_ASSIGNMENT:_
Print exactly the lines below between the line containing "Map of French" and the line containing "Circle Line platform", counting both of those lines. Leave pictures out.

_RECORDS SUPPLIED:_
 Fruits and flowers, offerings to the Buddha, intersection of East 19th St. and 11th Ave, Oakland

...

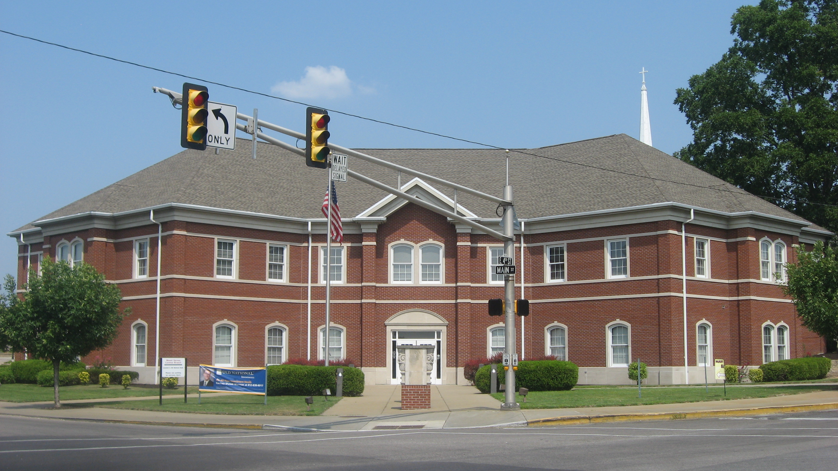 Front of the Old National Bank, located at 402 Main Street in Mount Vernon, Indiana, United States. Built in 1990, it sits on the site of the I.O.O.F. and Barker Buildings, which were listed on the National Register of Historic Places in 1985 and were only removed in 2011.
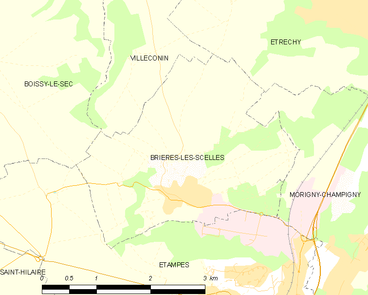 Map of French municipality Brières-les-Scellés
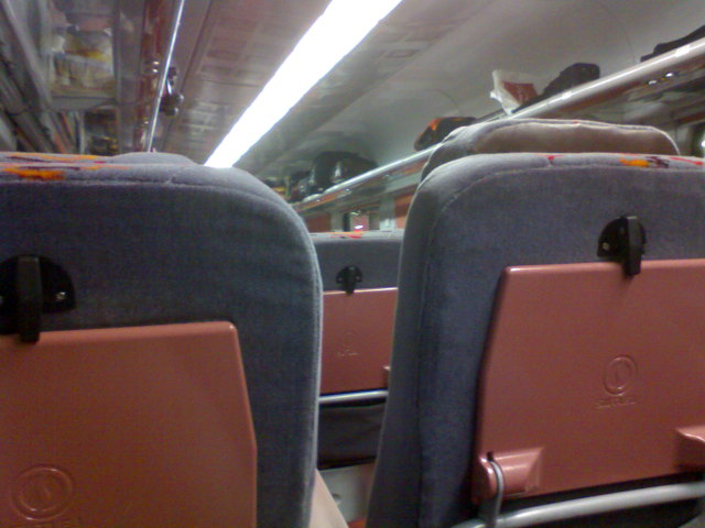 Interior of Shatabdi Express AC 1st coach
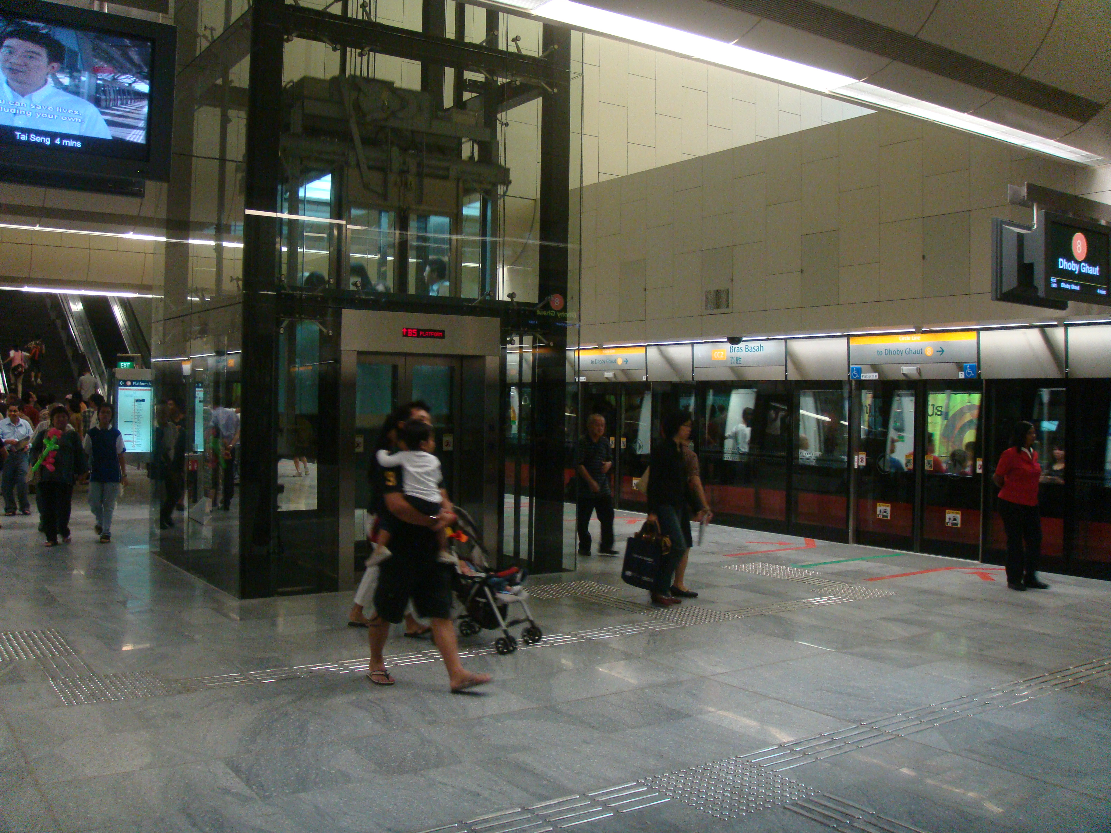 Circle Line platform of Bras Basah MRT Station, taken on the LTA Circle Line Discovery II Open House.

_RESPONSE:_
 Map of French municipality Brières-les-Scellés
 Interior of Shatabdi Express AC 1st coach
 Circle Line platform of Bras Basah MRT Station, taken on the LTA Circle Line Discovery II Open House.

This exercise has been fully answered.